An example of Dentate Nuclei T2w hyperintensity. Axial T2-weighted (left) and coronal multiplanar reconstruction of a volumetric Fluid Attenuated Inversion Recovery sequence (right) of a 70-year-old female Spastic Paraplegia Type 7 patient showing a bilateral T2-weighted hyperintensities of the Dentate Nuclei (red arrows)
On the other hand, the presence of a positive HCB sign (Fig. 5) has been reported in several hereditary ataxias, including Spinocerebellar Ataxia (SCA) Type 1, 2, 3, 7 and 8 [18, 31,32,33]. In this case, the presence of a positive HCB sign without brainstem involvement might suggest the observation of a SCA8 patient, while its presence coupled with a selective pontine atrophy can be found in SCA7 [16, 17]. Finally, the combination of this sign with an atrophy of cerebellum, the pons and the medulla oblongata should suggest a diagnosis between SCA1, SCA2, SCA3 [14, 15, 18, 31], conditions very hard to distinguish purely from a neuroradiological standpoint (although the degree of atrophy is less prominent in SCA3 compared to SCA1 and 2 [12]). In this case, the clinical evidence of alteration of ankle reflexes, pyramidal signs, or oculomotor deficits, can indicate a more plausible diagnosis [34,35,36]. Finally, the presence of other T2-weighted changes, such as the evidence of white matter lesions in middle cerebellar peduncles and splenium of the corpus callosum, or at the level of the lateral portion of the pons (also appearing thickened), can help in discriminate between the Fragile X-associated Tremor/Ataxia Syndrome (FXTAS) and Autosomal Recessive Spastic Ataxia of Charlevoix-Saguenay (ARSACS), respectively [11, 20, 37].
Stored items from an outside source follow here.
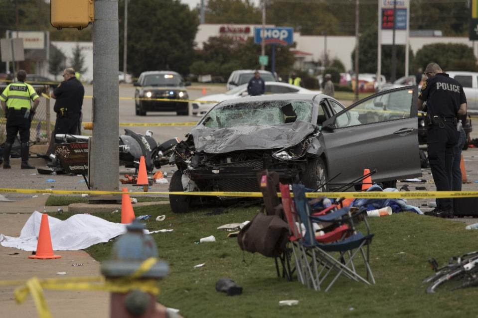 A speeding car crashed into a crowd watching a parade in Oklahoma, killing four people, including a two-year-old boy. The driver, a 25-year-old woman identified by police as Adacia Avery Chambers, was arrested for driving under the influence after the crash at an Oklahoma State University homecoming parade. Police in the town of Stillwater said a total of 44 people were also injured, AFP reports.
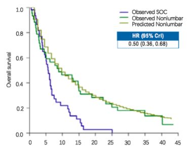 校正Flatiron Health数据库随机队列患者的协变量后,接受纳武利尤单抗治疗患者预估的生存期与CheckMate 032中实际观察到的生存期相似。基于模拟治疗比较法,接受纳武利尤单抗治疗预估的生存期对比Flatiron Health随机队列中观察到的生存期,提示纳武利尤单抗较标准治疗改善总生存(HR = 0.50;95% CI 0.36~0.68)(图5)。这与ATTRACTION-2研究中死亡风险降低37%的结果一致。鉴于尚无研究针对西方人群比较纳武利尤单抗与-标准治疗的随机对照研究,该研究的结果对于临床实践具有重要的启示意义。
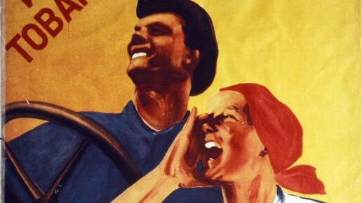 В 1930 году художница Вера Кораблева создала агитационный плакат «Иди, товарищ к нам в колхоз!» в модном тогда конструктивистском стиле. Рисунок этого плаката прямо перекликается с одной весьма известной фотографией Лили Брик и плакатом Родченко «Покупайте книги Ленгиза», в котором она была использована. Вера Кораблева использовала похожий рисунок для колхозницы, зовущей других присоединяться к ней в колхозном строительстве. Наглядная агитация – это ладно. Но в колхозы загоняли и более яркой агитацией...
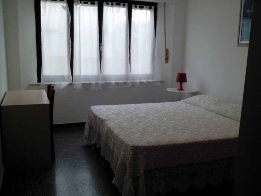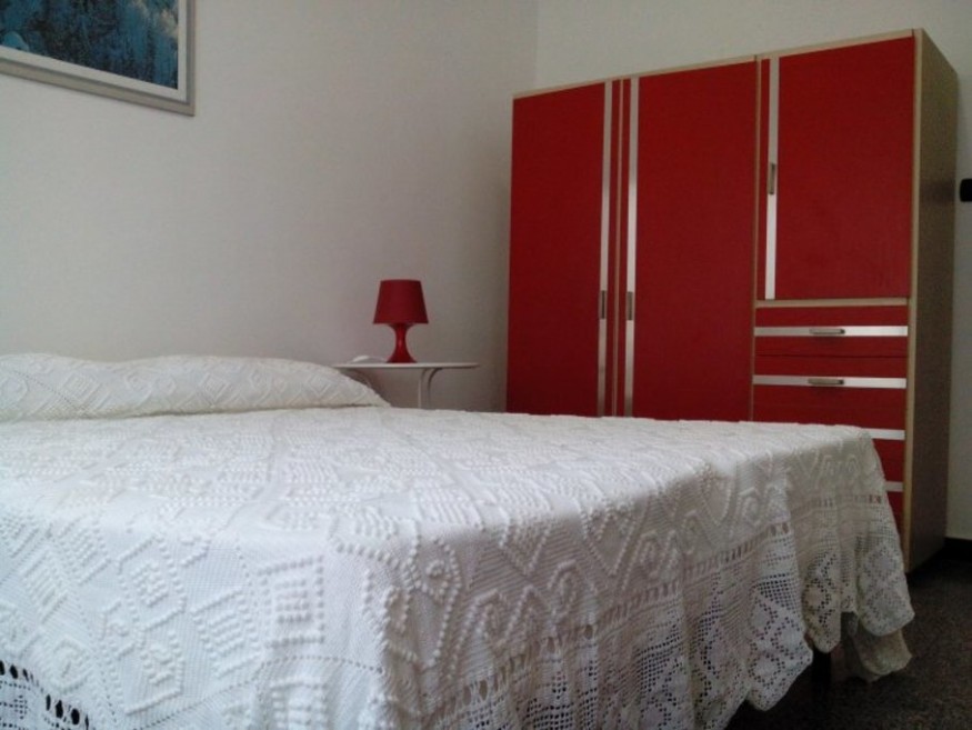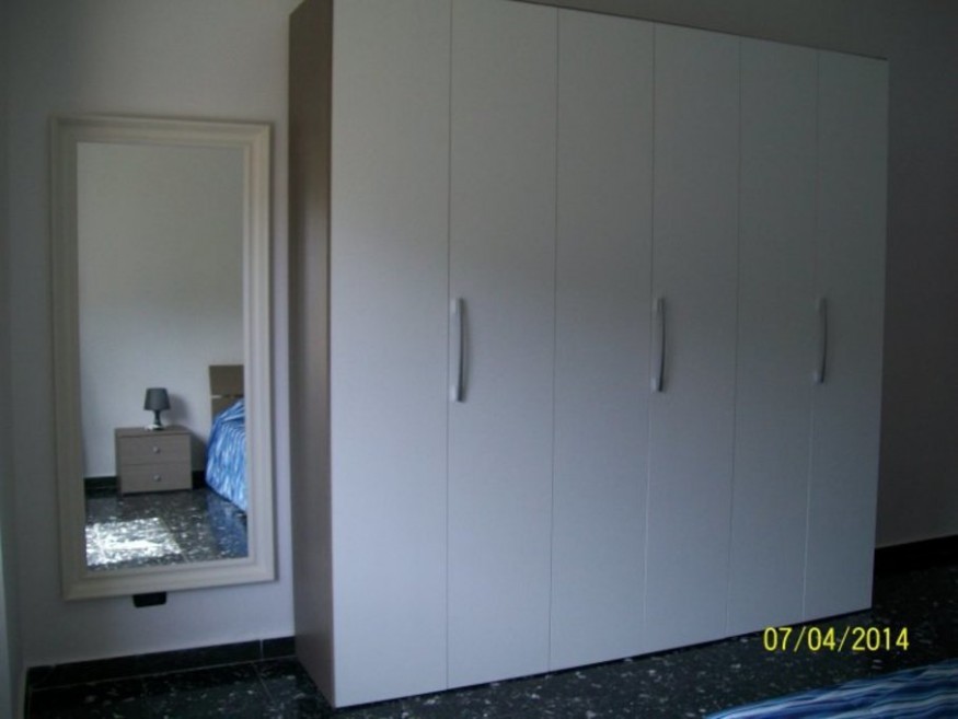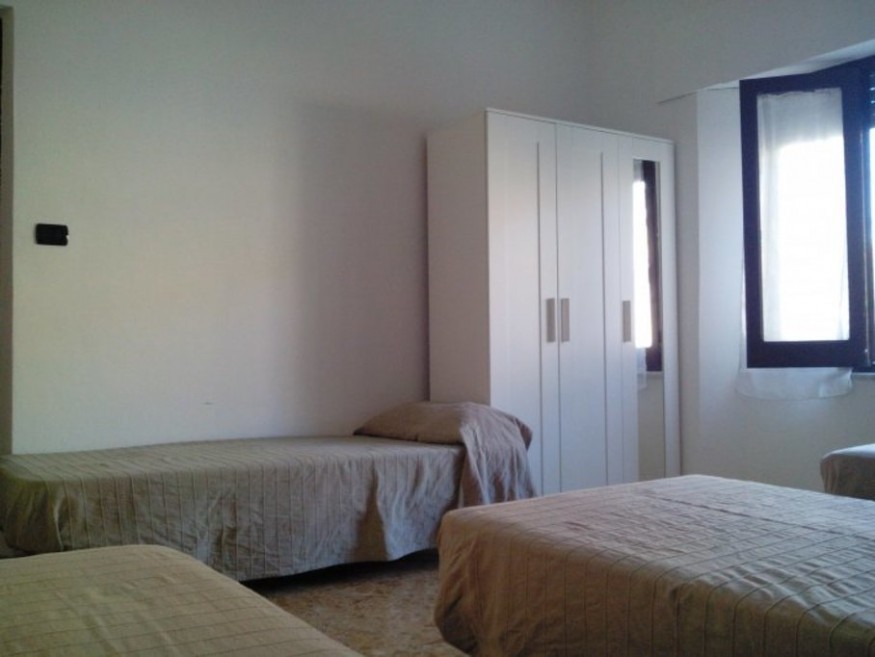 Three bedrooms for a total of eight persons. First bedroom with double bed with dresser, bedside tables and a six doors wardrobe. A smaller bedroom with two single beds, a desk and wardrobe. Another bedroom with four single beds and bedside cupboard.

An example of a “Hot Cross Bun” sign. Axial T2-weighted (left) and axial multiplanar reconstruction of a T1-weighted volumetric sequence (right) of a 59-year-old male Spinocerebellar Ataxia Type 2 patient showing an hyperintensity of transverse pontine fibers and median pontine raphe (red arrows in left), also visible as a T1-weighted mild hypointensity (red arrows in right), representing the so-called “Hot Cross Bun” sign
In absence of infratentorial T2-weighted detectable changes, neuroradiologists should carefully evaluate the possible brainstem involvement. In the presence of a “pure” cerebellar atrophy pattern, age of disease onset may help in achieving a proper diagnosis. Indeed, a juvenile onset (usually before the 2nd decade) is more typical in AOA1, AOA2, and Ataxia-Telangiectasia (AT) [27, 38], while adult-onset ataxias with this MRI pattern mostly include SCA6, SCA8, SCA17 and SCAR10 [9, 28, 39,40,41]. The differential diagnosis between AOA1, AOA2 and AT can be achieved by showing the typical SWI changes at the level of the deep with matter in AT [6, 42], while the evaluation of laboratory parameters such as the presence of AFP values can help in the diagnostic process, given that AT patients usually show very high levels (more than 65 μg/L), while AOA1 patients only rarely show values higher than 15 μg/L [29]. On the other hand, specific clinical features can help in discriminate between adult-onset hereditary ataxias with a “pure” cerebellar atrophy without T2-weighted changes, such as the presence of downbeat nystagmus in SCA6 [43, 44], cognitive and psychiatric symptoms in SCA17 [45, 46] or fasciculations in SCAR10 [47].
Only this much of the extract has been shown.